Toshio Kuratomi a.badger at gmail.com
Mon Dec 15 16:41:14 UTC 2008


Nicolas Mailhot wrote:
> 
> Le Lun 15 décembre 2008 16:37, Richard Hughes a écrit :
> 
>> Next on my list are insane descriptions.
> 
> Specs files and most notably human-targeted text inside them are
> UTF-8. Please do not invent any broken application-side transcoding
> system. Writing correctly encoded text is the packager and translator
> responsability.
> 
+1

> If the fugly ASCII-zation some packagers use offends you,
> 1. write a best practices wiki page with recommended UTF-8 sequences
> 2. get it reviewed/approved by FPC and FESCO
> 3. open bugs for offending packages
> 4. get some broken-ASCII checks added to our package linting/review
> tools.
> 
Currently, I'm opposed to having a Guideline that mandates UTF-8 over
ASCII.  Description is an area almost completely left to the
maintainer's discretion (we've talked to the enlightenment maintainer
about taking out some of the marketing-speak but otherwise kept a pretty
much hands-off approach).

ASCii can be useful on the console whether the system is setup with a
utf-8 locale (which is our default, and therefore if we do mandate using
an encoding other than ASCii it's what we should use) or something more
limited (for instance, Asian countries still haven't settled on utf-8
everywhere.)

Note that this is an area where I'd change my stance if package
maintianers were to say that they want to have this sort of change.  I
just want to avoid alienating maintainers with conformance to this sort
of rule on descriptions without a higher return.

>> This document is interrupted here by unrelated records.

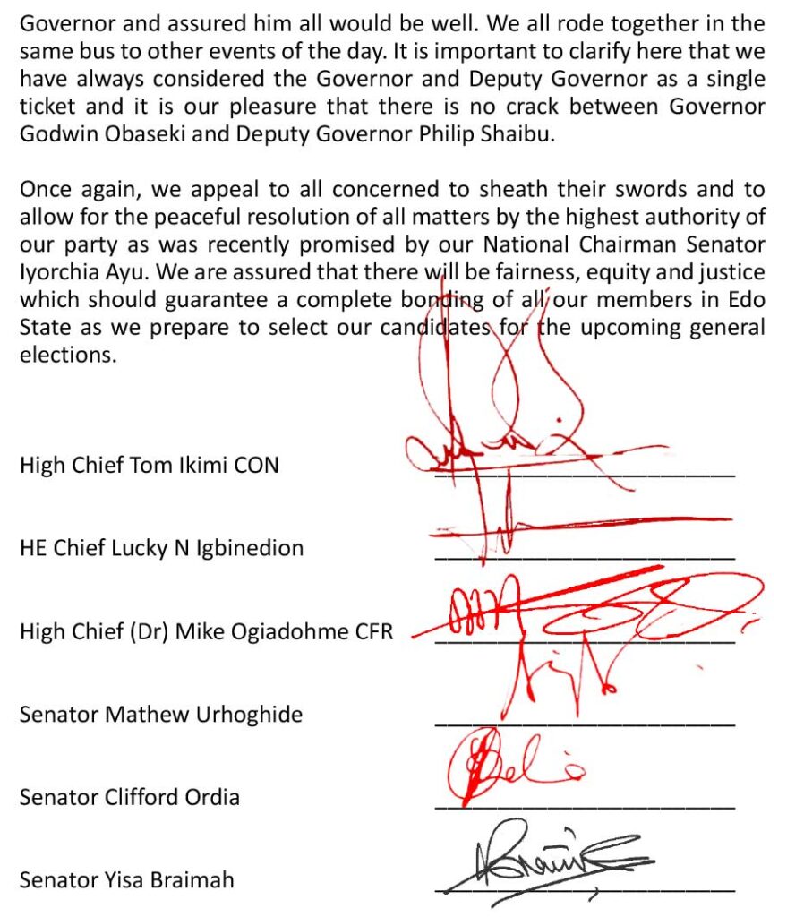 Once again, we appeal to all concerned to sheath their swords and to allow for the peaceful resolution of all matters by the highest authority of our party as was recently promised by our National Chairman, Senator Iyorchia Ayu. We are assured that there will be fairness, equity and justice which should guarantee a complete bonding of all our members in Edo State as we prepare to select our candidates for the upcoming general elections.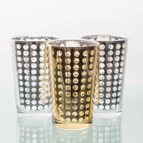 Metallics are in! Our fabulous line of silver, gold, and rose gold metallic glass holders will make your home or event a little more magical. This tall and narrow holder features quality glass, a gold metallic dotted design, and elegant tapered shape. Add our Richland Votive or Tealight Candle options to complete your look (candles not included). Candlelight illuminates the holder, providing a captivating glow through the dots of the design. Not dishwasher or detergent soap safe.Â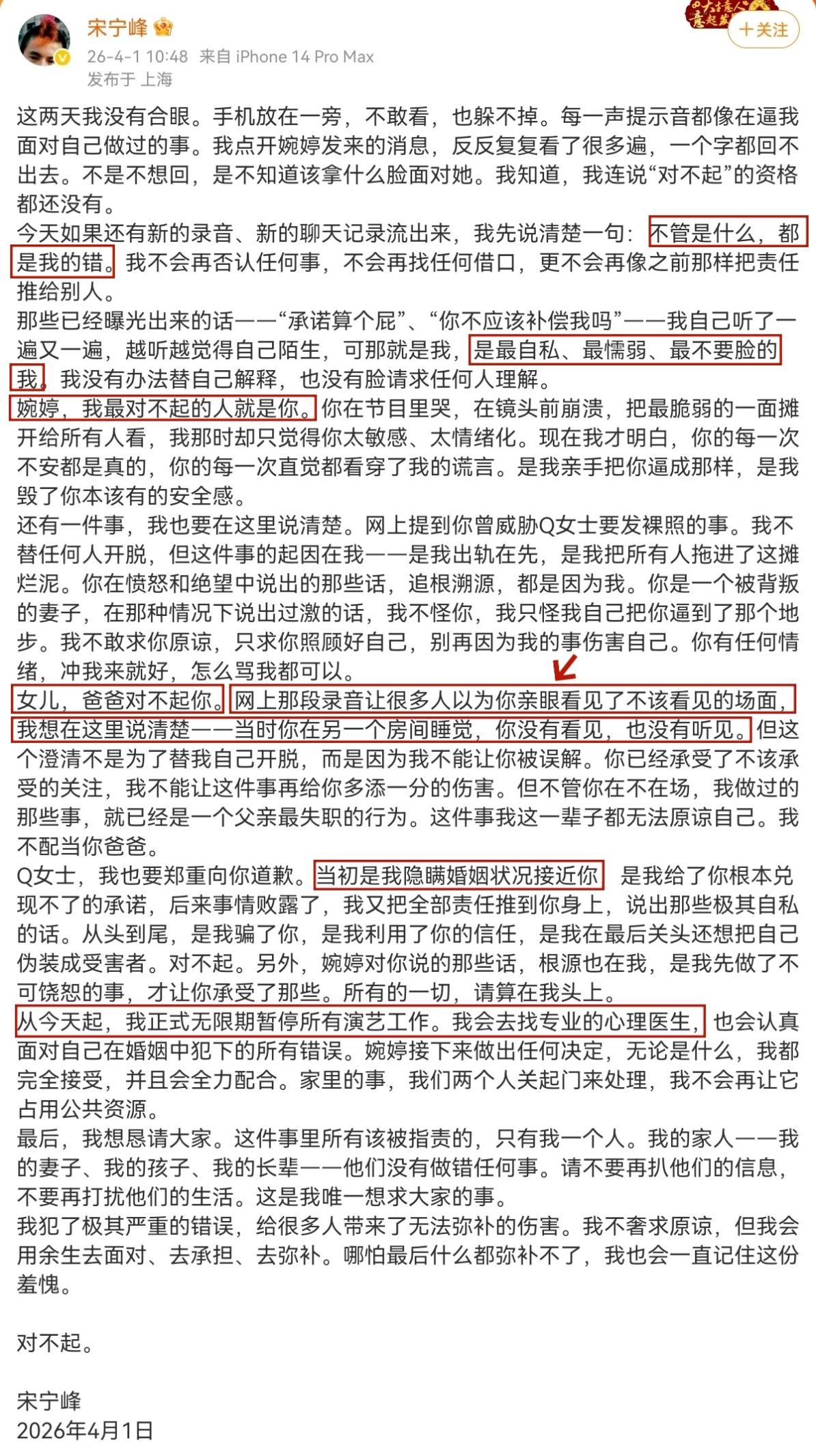 在舆论发酵后,宋宁峰火速回应,发长文承认了自己出轨的事实。

> This is how our guidelines process works, it's long and bureaucratic
> but it ensures everyone has its say and no gratuituous bikesheding is
> pushed on packagers.
> 
+1

>> Question 2: What's the maximum permitted length of a description?
> 
> What matters is not the description length but its quality and
> usefulness to users. Some domains use long descriptions, because the
> target audience expects them.
> 
+1

> Note that that because rpmlint insists on forcing 79 character
> line-wraps to help dumb terminal users, it's effectively impossible
> right now to get correct paragraph flow and breaks in descriptions
> (aye for optimizing the minority case at the expense of everyone
> else).
> 
If we were to mandate an encoding standard, we could make this work
similar to how various wikis and blogs take plain-text input and turn it
into formatted text.  Given my penchant for python, I like
ReStructuredText[1]_ for this but I'm sure we could get into a huge
flamewar over the right text-formatting language to use.